= Sulayman Bal =

Sulayman Baal

Shaykh Thierno Sulayman Baal (شيخ سليمان بال, c. 1720 - 1775) was an 18th-century African leader, warrior, and Islamic scholar, from the Futa Toro region in what is today Senegal who played a key role in the establishment of the Imamate of Futa Toro.

Suleyman Baal was born around 1720 in Bode. Inspired by the Jihads of Alfa Ibrahima Nuhu who led the Imamate of Futa Jallon, in 1770 Sulayman Baal led a revolt in the Fulani Denyanke kingdom and their backers among the Brakna Moors, who had a long history of dominating and pillaging Futa Toro. An assembly of Torodbe leaders announced the deposition of Sule Bubu Gaissiri, the last Denyanke king, and the introduction of a theocracy headed by an elected Imam (almami), but Baal refused the title. In 1776 he was killed in a battle against the Moors.

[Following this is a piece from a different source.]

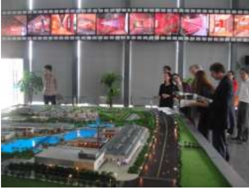
Visiting China (Wuxi) National Digital Film Industry Park. (September)

A meeting in Shanghai between FIAM and Shanghai Multimedia Industry Association (SMIA). (September)

Sulayman Baal was succeeded by Abd al-Qadir who consolidated the Futa Toro state, created a military and clerical aristocracy, and became one of the first of many West African leaders to take the title almami. In 1796, his army was defeated during the battle of Bounghoy by the Cayor kingdom led by the Damel Amary Ngoné Ndella Fall. Abd al-Qādir was killed in 1807, to be replaced by a less oligarchic council of clan leaders.